Used Boat Shopping: Caveat Emptor

Having spent time at the Miami Boat Show this year, I still feel a bit dizzied from the shimmer of polished stainless and the intoxicating smell of fresh fiberglass. Long nights at South Beach bars probably didn’t help, either.

As I wandered the show, which many exhibitors said felt busier than it had in years, I marveled at how fortunate some people are to be able to go to Miami to purchase a new boat. Then I thought of the greater majority of boaters who buy their boats on the secondary market—and if you’re reading this—from the listings on

If you’re not at the point where you can shop for a new boat, doing your homework can help you find the best of what’s on the used market. Photo courtesy Miami International Boat Show.

Truth is, the marine market needs used boat buyers because they eventually purchase new boats. If you’re not at that point yet, don’t worry. I’ve assembled a list of tips for avoiding the pitfalls of shopping the used market. There’s a lot to the art of finding a good used boat, and you’ll discover the obvious fine points along the way. What I hope to offer here is the less obvious but equally important.

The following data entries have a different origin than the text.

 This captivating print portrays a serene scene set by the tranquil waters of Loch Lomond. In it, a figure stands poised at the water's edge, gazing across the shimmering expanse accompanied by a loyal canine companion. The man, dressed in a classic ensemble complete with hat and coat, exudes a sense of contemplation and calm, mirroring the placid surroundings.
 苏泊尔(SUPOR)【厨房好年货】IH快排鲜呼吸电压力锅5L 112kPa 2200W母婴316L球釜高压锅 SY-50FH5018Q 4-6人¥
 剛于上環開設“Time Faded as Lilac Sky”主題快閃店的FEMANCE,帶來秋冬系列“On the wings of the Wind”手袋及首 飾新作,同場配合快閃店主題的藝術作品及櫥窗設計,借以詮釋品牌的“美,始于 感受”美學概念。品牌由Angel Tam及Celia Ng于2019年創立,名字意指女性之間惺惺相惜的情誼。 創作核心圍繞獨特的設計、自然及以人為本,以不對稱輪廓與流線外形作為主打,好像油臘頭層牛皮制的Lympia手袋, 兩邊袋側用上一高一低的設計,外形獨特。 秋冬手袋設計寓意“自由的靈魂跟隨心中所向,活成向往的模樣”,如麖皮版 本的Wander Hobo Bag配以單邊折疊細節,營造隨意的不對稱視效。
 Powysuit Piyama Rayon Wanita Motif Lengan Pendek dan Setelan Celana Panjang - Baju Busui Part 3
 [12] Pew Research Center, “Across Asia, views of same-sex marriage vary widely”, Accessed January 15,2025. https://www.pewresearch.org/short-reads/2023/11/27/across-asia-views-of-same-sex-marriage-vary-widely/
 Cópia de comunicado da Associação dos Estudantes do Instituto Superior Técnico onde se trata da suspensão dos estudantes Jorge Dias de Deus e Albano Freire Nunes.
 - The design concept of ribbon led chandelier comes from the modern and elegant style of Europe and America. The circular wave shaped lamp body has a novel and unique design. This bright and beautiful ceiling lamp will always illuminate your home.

Research online. Once you have an idea of the kind of boat you want and need, online forums are a good way to get opinions on different brands of boats. Many will be conflicting and biased—and some will be penned by nitwits—so be aware of when and how much salt to take with the advice you find. It will be a good way of collecting anecdotal evidence of people’s experiences with different kinds of boats.

Hire a surveyor. As important as it is to seek owners’ opinions, it’s even more important to seek an expert’s opinion. Hire a surveyor for any boat you’re serious about buying. This probably isn’t news to anyone, but it’s important enough that it bears repeating. Figure about $10 to $20 a foot for an inspection, and a couple of hundred bucks for a sea trial. While the surveyor is there, you might consider having him perform compression and leak-down tests on the engine, particularly if it has more than 500 hours on it. Simply put, a compression test shows the engine’s ability to generate cylinder pressure, and a leak-down test demonstrates its ability to hold that pressure.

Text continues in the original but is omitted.